This presumably implies that learning to become a skilled user of the written language involves learning to use some kinds of construction more frequently than is usual in conversational speech. In order to begin to get a lead on this, I compared frequencies of various constructions (as a proportion of all constructions) in the three genres. Some constructions (e.g. noun phrases, comparative clauses) are more frequent in published writing than in speech, and (necessarily, therefore) some constructions (e.g. determiner phrases, adverbial clauses) are less common in published writing than in speech. I looked particularly at how the rates in children’s writing compared with the rates in speech and in published prose. In the case of almost all phrase categories, the child-writing figure was closer – often much closer – to published writing than to speech.

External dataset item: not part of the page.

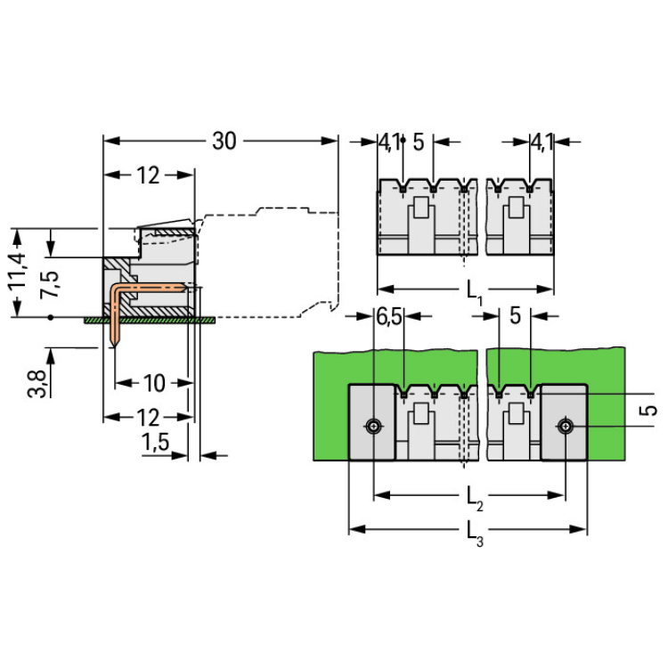WAGO | 721-438/001-000 | THT MALE HEADER; 1.0 X 1.0 MM SOLDE

Not so with clause categories, where in some cases the same children’s writing still reflected an incidence more characteristic of speech.

Clauses tend to be more complicated things than phrases, so it is not surprising to find that children take longer to adapt to written norms in the case of clause constructions than phrase constructions. Strikingly, though, there is one kind of subordinate clause which is more frequent in published writing than in speech and where the child-writing figure is closer to the published-writing figure than to the speech figure: namely, relative clauses, whether complete (e.g. one pup who looked just like his mother) or reduced (e.g. a girl named Jennifer, “Amazon adventure” also by Willard Price). For some reason which is as yet quite mysterious to me, it seems that children find it easier or have a greater propensity to adapt to the norms of adult writing in the case of relative clauses than in the case of other clause constructions which are more characteristic of written than spoken English, such as present-participle clauses (e.g. by adding some more to it).

In terms of formal complexity, relative clauses are among the most challenging constructions in English: so this finding is not at all predictable. Yet it is not even the case that the relative clauses which children use frequently in writing are limited to the simplest kinds of relative clause: in our data the children’s writing exploited the complex possibilities allowed by the relative clause construction to, if anything, an even greater extent that the published adult writing. I find this remarkable, whatever the explanation may be; it is the kind of finding which could only possibly emerge from the kinds of treebank resource that I have been describing .

4 The lessons of software engineering

I hope the foregoing has shown that there is no shortage of new things to be discovered about language and languages, once we study them through the empirical medium of electronic corpora. I turn now to an issue which has not yet been properly confronted, even by linguists and natural language processing researchers who accept the importance of empirical, corpus-based methods.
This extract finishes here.